Traveling down the yellow brick road

Meditation is about quieting one’s mind. A mind without thought is not a thoughtless mind. It is an empty mind, a mind with nothing in it. It is a no mind, as Buddhists say. Sunyata[i] or emptiness in Mahayana Buddhism is enlightenment.

By this point in my journey, I was deeply immersed in two fields of inquiry–physics and the Vedas. These fields were converging for me. Wisdom of the Vedas was shining new light on many abstract concepts in modern physics, such as wave-particle duality. Conversely recent theories in physics, such as the nature of the void, were giving me, a scientist, permission to be open to the insights of the Vedas.

I was beginning to accept that the Vedic sages were scientists, of sorts, and they used, what Einstein called, “thought experiments” to arrive at their deep insights. They had other highly developed “tools” for probing into reality, such as meditation, yoga and mantras. I was no longer skeptical of these eastern practices and was ready to explore them for myself. I took up meditation.

Don’t let anyone tell you that meditation is easy. My father-in-law would tell me “all that you have to do is watch your thoughts”. As hard as I tried, I could not quieten my mind. I later learnt that trying hard is the problem. One has to just let go. I was ready to give up on meditation. In desperation, I took to extreme measures to quieten my mind.

I started by listening to music while wearing high fidelity headphones and cranking up the volume. I mostly listened to drums and Buddhist chants. Low frequency sounds would drown out the noise in my head. Lo and behold, my mind would quieten. I would drop into a state of “no mind”, lost in my music. The longer the music went the better I felt.

I was so drawn to this experience that it became my practice for almost a year. Every night I would put my headphones on and repeat the exercise. I became addicted to the experience. This was also the time that my teenage son started a punk band. I took to going to his performances and losing myself in his music. I would close my eyes and listen to his very loud band with my entire body, this experience too, as strange as it sounds, would quieten my mind. This was my introduction to meditation. Very unorthodox, I admit.

After years of listening to loud music through headphones and going to concerts with a view to “meditating” in this unorthodox way, I felt motivated to try traditional meditation. I was now able to let go of the chattering monkey in my head and sit quietly in meditation. I was able to watch my thoughts float by, like wisps of clouds in the sky. Often my mind would become still and completely quiet. In those moments I experienced nothingness of the void.
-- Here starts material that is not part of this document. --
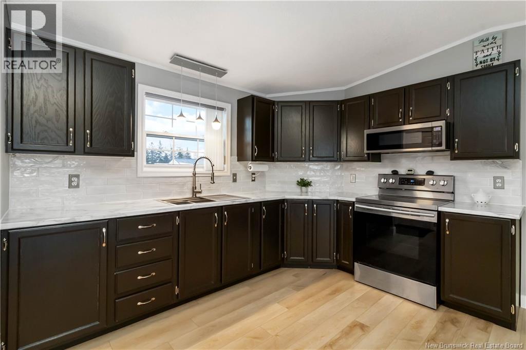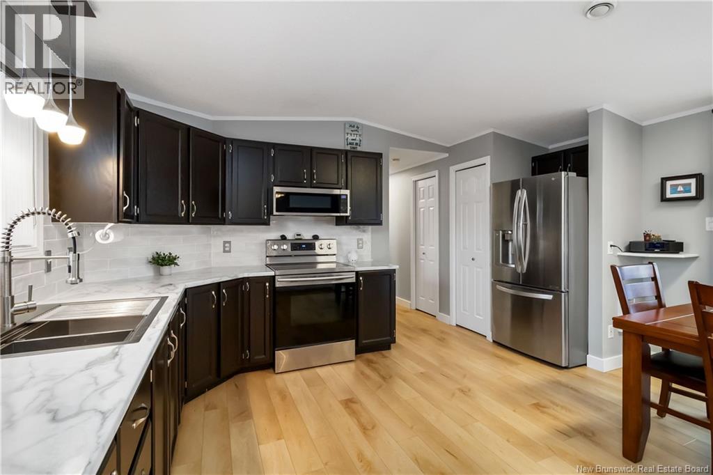 Welcome to 1 Sentier Street in Pine Tree Village, a clean and well-kept mini home park. This 3-bedroom, 1.5-bath home has a layout that works well for everyday living. You enter into an open kitchen and dining area, with the living room just off to the right. A hallway off the living room leads to the laundry area tucked behind closed doors, a full bathroom, and the primary bedroom located at the end of the home. On the opposite side of the home is a second hallway with two additional bedrooms, one currently used as an office, along with a conveniently located half bath in the hall. This split layout offers flexibility for families, guests, or working from home. The home is located in a convenient area of the park. The monthly lot fee is $427 and includes water, sewer, garbage pickup, and snow removal for the roads. The location offers easy access to everyday amenities, including Costco, Irishtown Nature Park, and services along and near Elmwood Drive. If you are looking for an affordable home with a functional layout in a well-maintained community, 1 Sentier Street is worth seeing in person. Book your showing today. (id:34572)
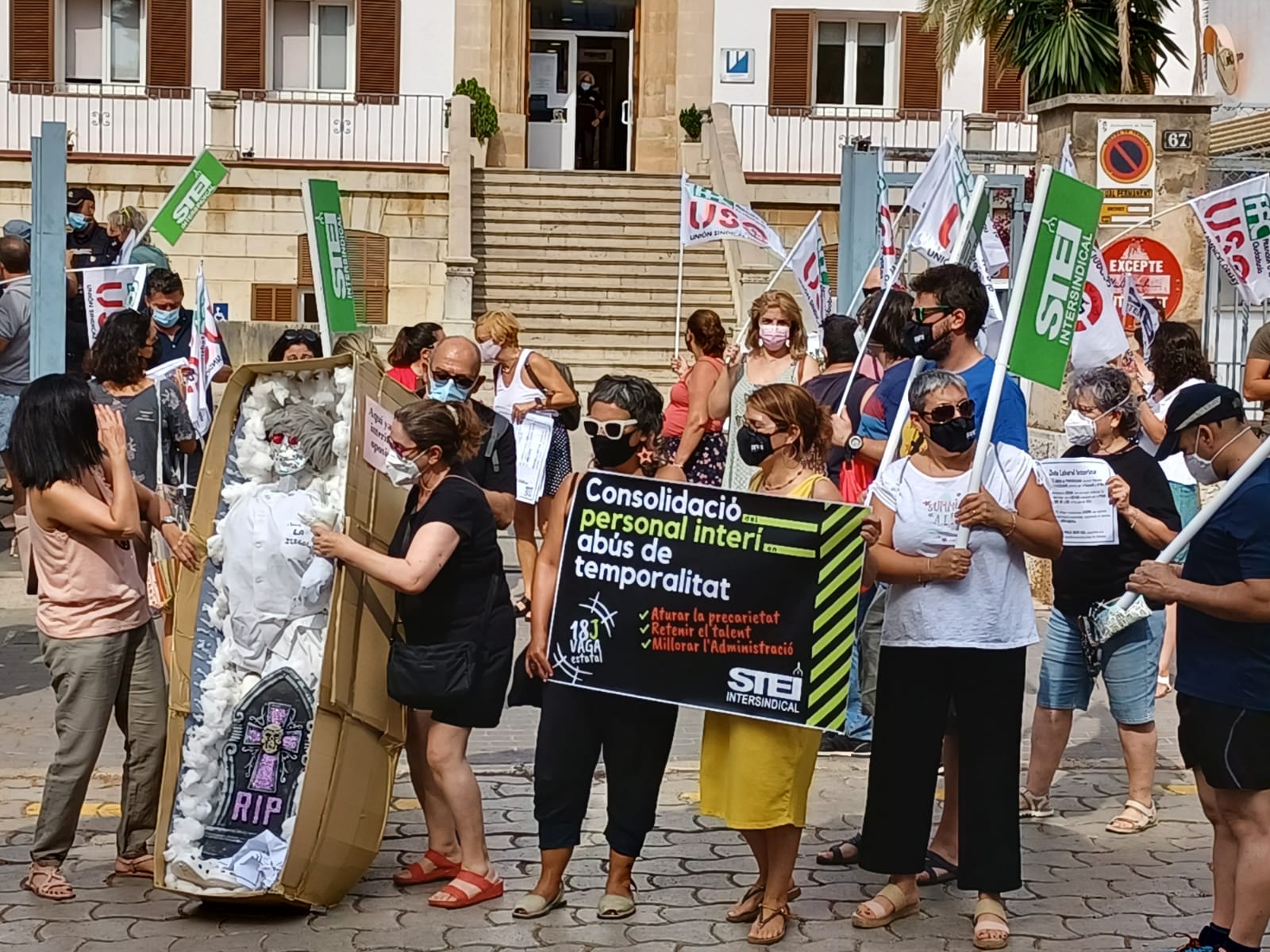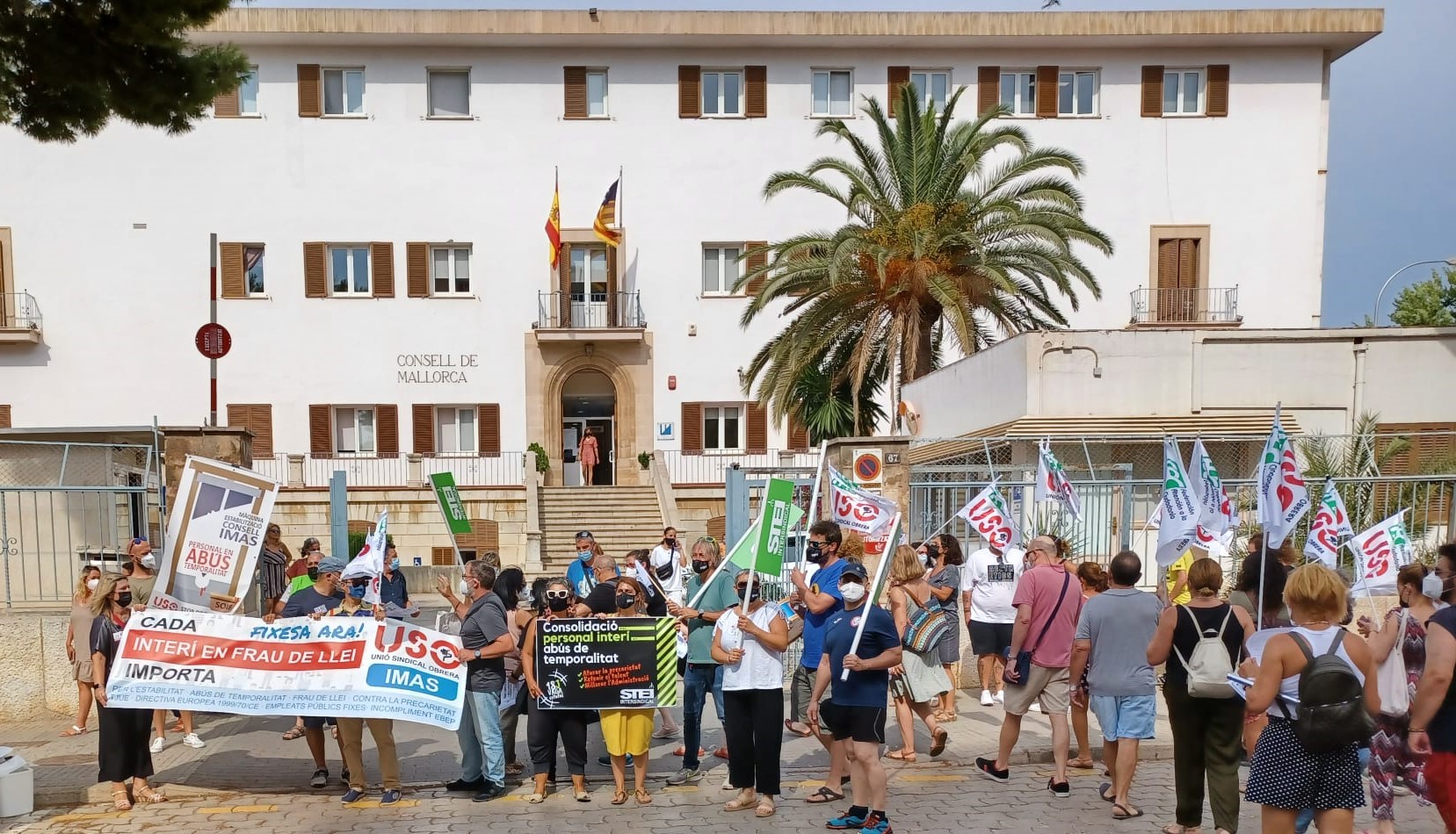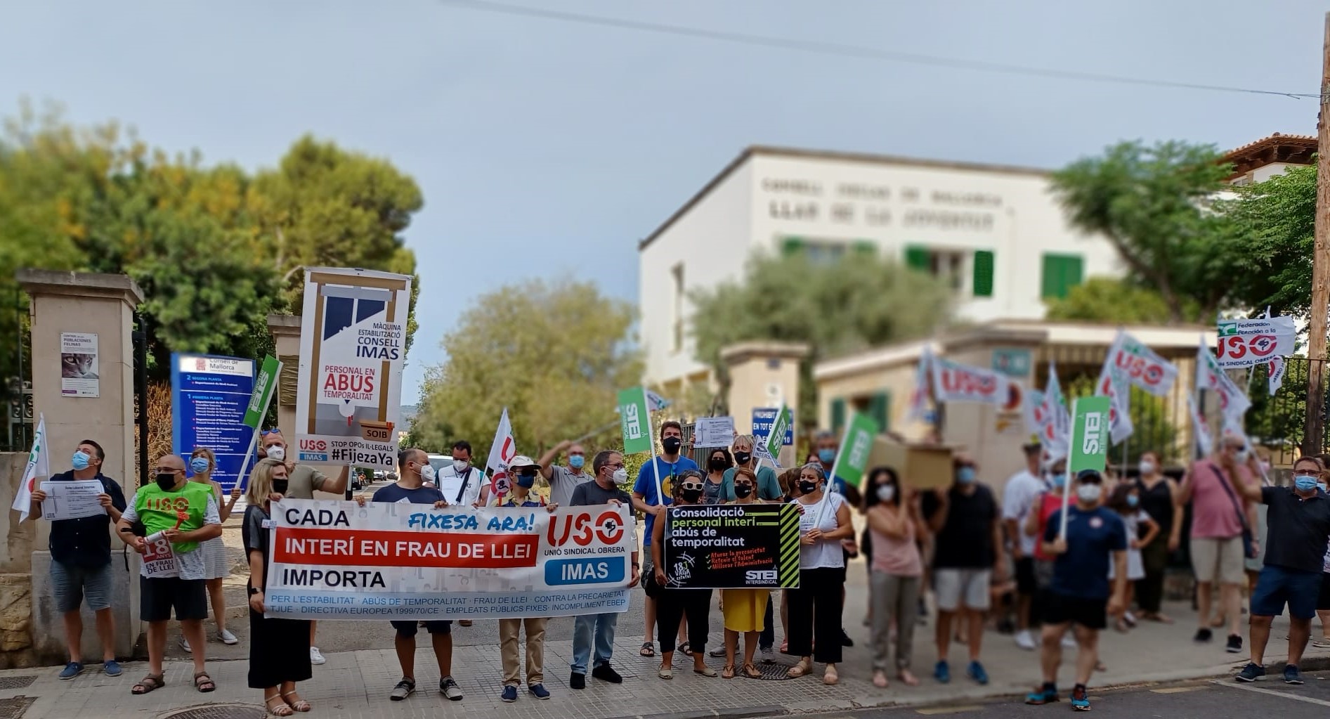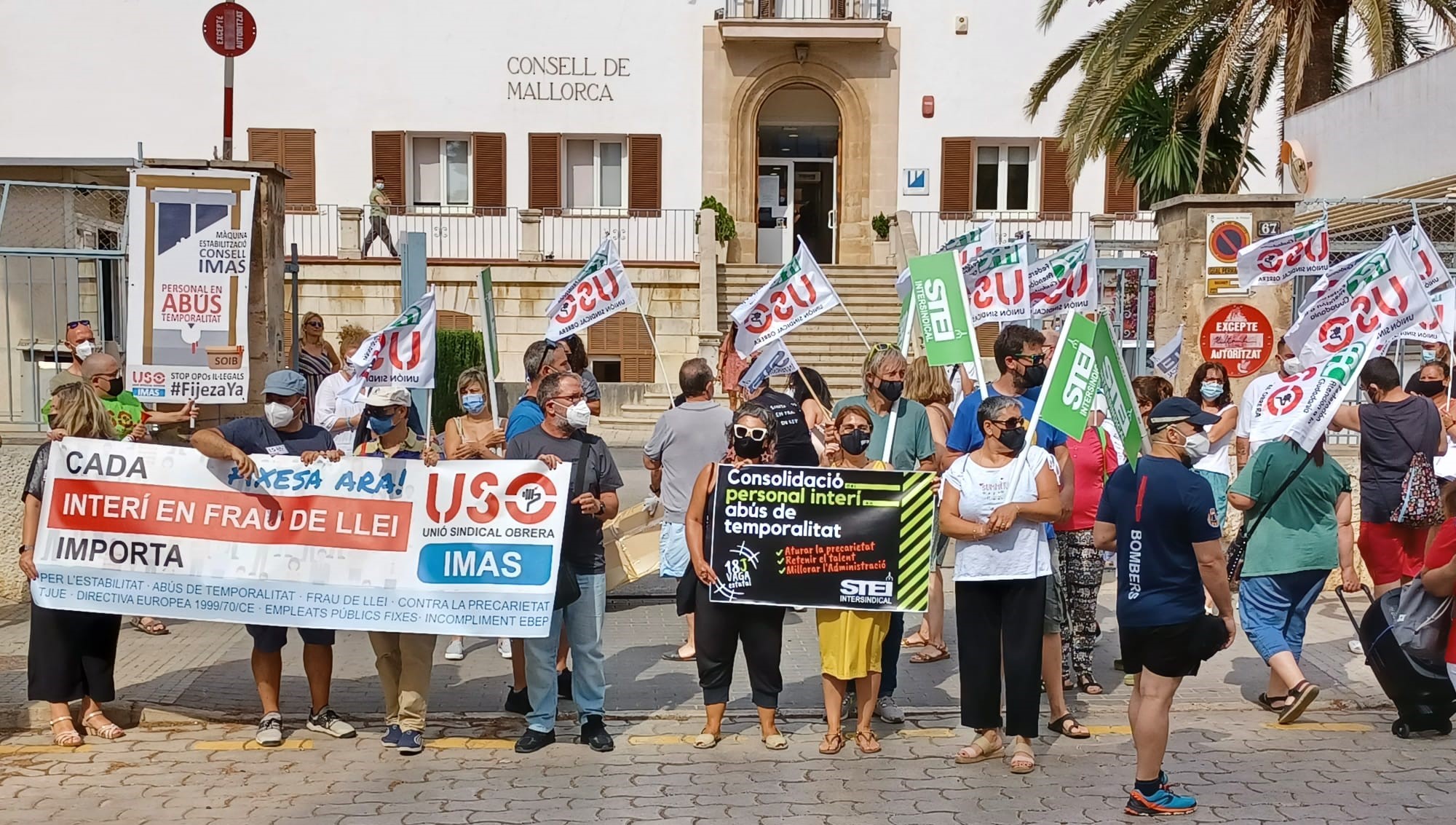 El 26 de juliol STEI i USO varen dur a terme una manifestació davant les seus del Consell de Mallorca i l'IMAS per a reivindicar l'estabilitat del personal interí en abús de temporalitat. Un centenar de persones varen participar en la protesta.

It felt good.

I meditate often, and I can drop into meditation in the noisiest of places, such as in crowds or at a party. The switch for me from an outward focused life to a life lived inside-out started when I became skilled at watching my thoughts and meditating. I flipped from being a scientist of the world outside-a physicist, to a yogi of the mind. I could now switch easily and seamlessly between two realities-the external reality and the internal reality. I had the know-how to experience first-hand what the ancient sages spoke of. The wisdom of the ancient sages was now a realized experience for me, it was no longer an abstract idea. I could replicate the experience of the sages. Thus, I came to believe in the Vedas as much as I believed in physics. This was a breakthrough for me.

I could now integrate and synthesize two streams of knowledge-scientific and Vedic. I look at scientific knowledge as the “wisdom of the west” and the Vedas as the wisdom of the east. I have understood that they both point to true north or the absolute truth.

The absolute truth, soul, spirit, God or Reality by any name is within us. The journey in search of Reality is like traveling down the yellow brick road, in the Wizard of Oz, the further you go the more you come to know yourself,[ii] as Dorothy, the Scarecrow, the Lion and the Tinman did.

This I believe: 10. Self-discovery is a slow unfolding. The further you go on this journey the more you come to know yourself.